Писать прозу — совершать одиночный заплыв, писать сценарий для меня — это архитектурно-строительные работы. Они требуют опоры на чертежи и расчеты, на логику и на анализ. Я огрубляю сейчас, потому что мы говорим в общем. Но есть и схожесть. И то, и то — сочинительство, оно требует фантазии, извлечения из себя идей, образов, смыслов, сюжетных ходов.
Сценарий, как и прозу, надо обжить и населить. Придумать художественный мир. Но, как сказано выше, ты фантазируешь не в своей уютной норке, а немножечко в колхозе. Поэтому здорово, когда твои заказчики — люди здравые, а проект тебе искренне интересен. Потому что деньги, по-моему, мотиватор слабый. Проза, со всеми ее вызовами, все же ощущается как территория свободы. Как на табличке: «Ушла в себя, вернусь нескоро».
— В одном интервью вы говорили, что в профессии сценариста «потолка, как мне кажется, нет». А если говорить про писательство: есть ли потолок здесь?

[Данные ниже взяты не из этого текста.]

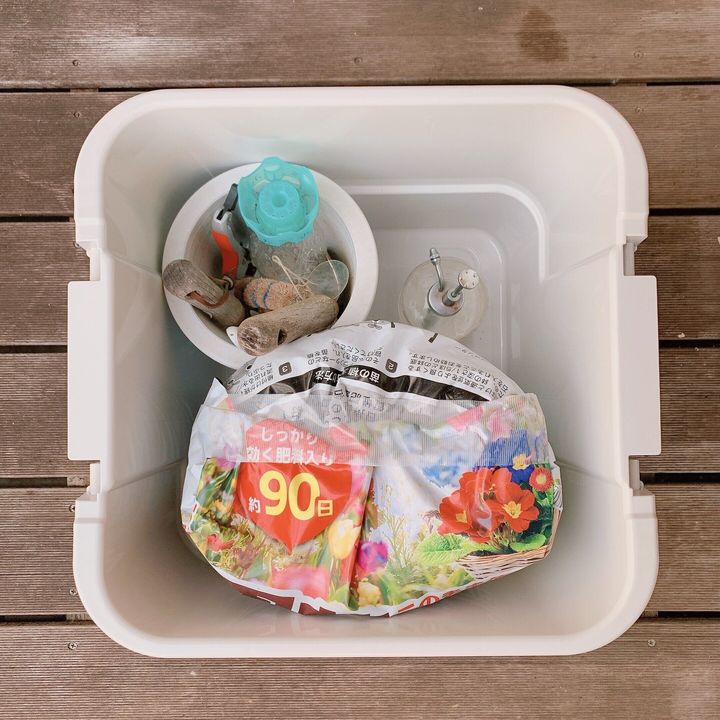 小サイズでも大容量で、我が家では、ベランダのガーデニンググッズも余裕で収納できます。
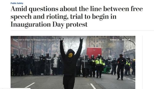 [Inauguration protesters were “playing a role in the violence and destruction,” prosecutor says, by Keith L. Alexander and Paul Duggan, Washington Post, November 20 2017]
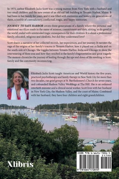 In 1975, author Elizabeth Jacks Scott was a young matron from New York with a husband and two small children and the new owner of an old sail loft building in Tenants Harbor, Maine. It had been in her family for years, and it was filled with memories and history, six generations of them, a jumble of contradictory, conflictual, tragic, and happy memories. JOURNEY TO SAFE HARBOR covers three generations of a family where the personal and emotional sacrifices made in the name of mission, commitment and duty, aiming 'to do good in the world', ended with unintended tragic consequences for their children. It is about a professional family, educated, religious and idealistic, but did they understand love? Scott shares a narrative of her collected records, her experiences, and her journey. It narrates the saga of the origins of her family's trauma in Tenants Harbor, how it played out in India and on the south side of Chicago. She toggles between Tenants Harbor, India and Chicago to show the interweaving of three eras and how they resulted in the family's fragmentation and great tragedy. The memoir chronicles the journey of healing through the ups and down of life resulting in Scott, family and the community reconnecting. Elizabeth Jacks Scott taught American and World history for five years, practiced psychotherapy and family therapy in New York City for more than two decades, ran grief groups at St. Bartholomew's Church for seven years, and cofounded Hudson Valley Weddings at The Hill. She is an ordained interfaith minister and a clinical social worker. Scott lives with her husband in New York City, the Hudson Valley, and the coast of Maine. Combined with her husband, they have four children and eight grandchildren.
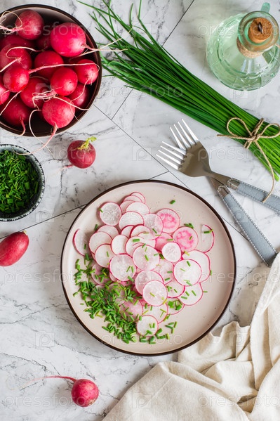 Салат из свежей редьки и зеленого лука на тарелке на столе. Домашняя еда. Вид сверху и вертикальный
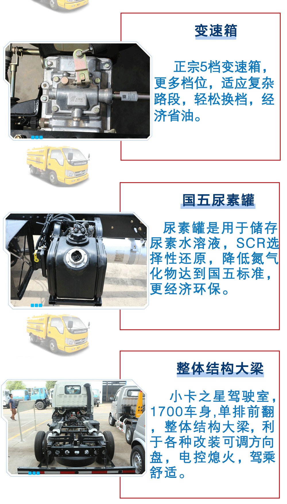 其他 | 防護(hù)材料:Q235A碳鋼,連接方式:左右側(cè)面防護(hù)豁免,后下部防護(hù)與大梁螺栓連接,后部防護(hù)斷面尺寸(mm):100×50,后部防護(hù)離地高度(mm):440。此車長(zhǎng)/軸距/前懸/后懸對(duì)應(yīng)關(guān)系為(mm):5560/2600/1115/1845;5210/2850/1115/1245.ABS系統(tǒng)控制方式為:雙參數(shù)控制,4S/4M.ABS系統(tǒng)控制器型號(hào)為:CM4Y.ABS系統(tǒng)控制器生產(chǎn)廠家為:廣州科密汽車電子控制技術(shù)股份有限公司.在不改變車輛性能及基本參數(shù)的情況下,擴(kuò)展不同的外形圖片,以提高市場(chǎng)競(jìng)爭(zhēng)力. |
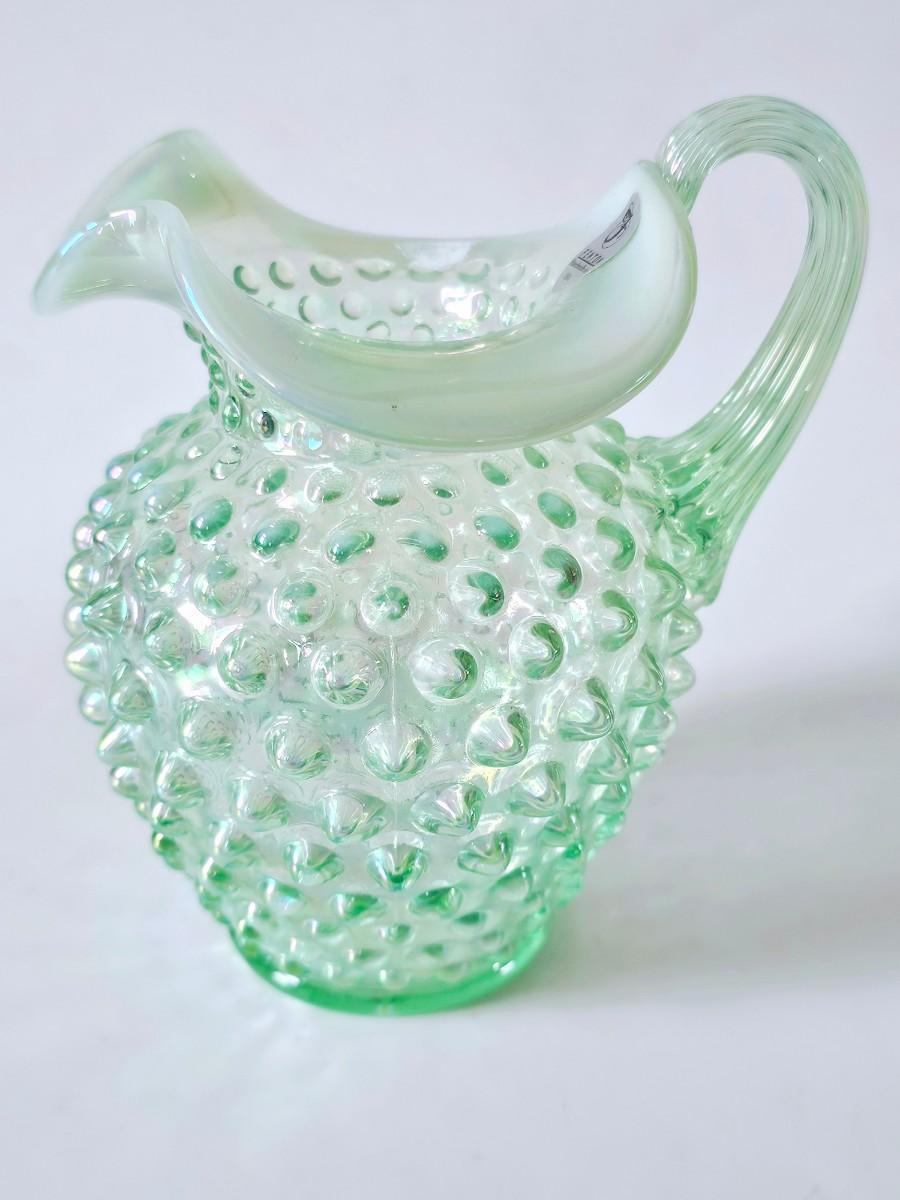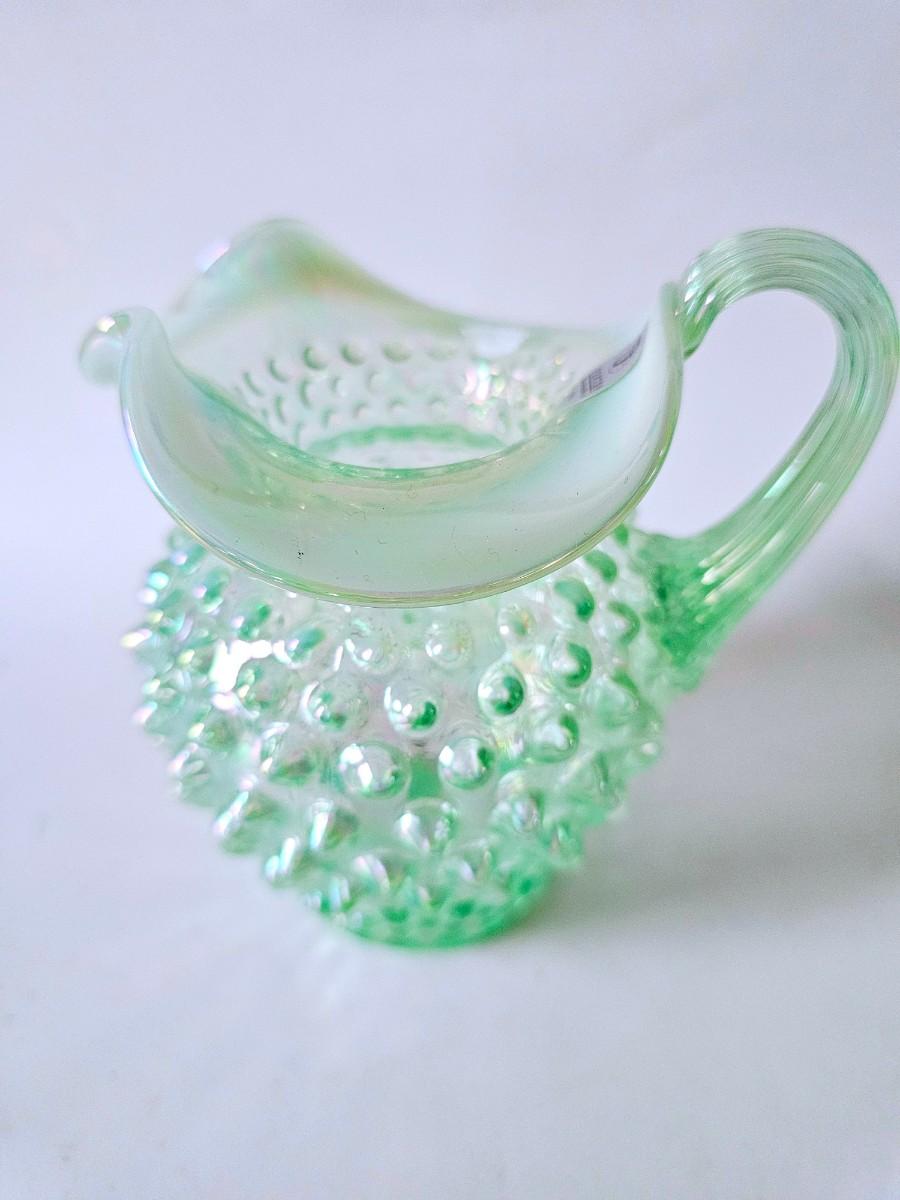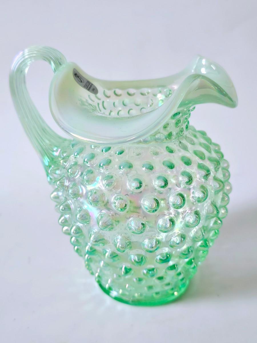 Green iridescent hobnail handled jug table decor Fenton glass with sticker, sauces sized for table decor

— Если рассматривать писательство как особую практику, как увлечение, как свою собственную «химическую лабораторию», то потолка точно нет. Это зона постоянного открытия, провалов и борьбы. Это моя персональная ценность прежде всего. Это внутренний процесс, продиктованный любопытством и интересом, который время от времени обретает предметность вопреки конкурирующим занятиям, потому что обычная жизнь устроена так, чтобы ничего не написать. Моя, по крайней мере. Причем чем дальше, тем больше. Но если повезет и вещь напишется, да еще отзовется кому-то, то получается везение вдвойне. Или втройне.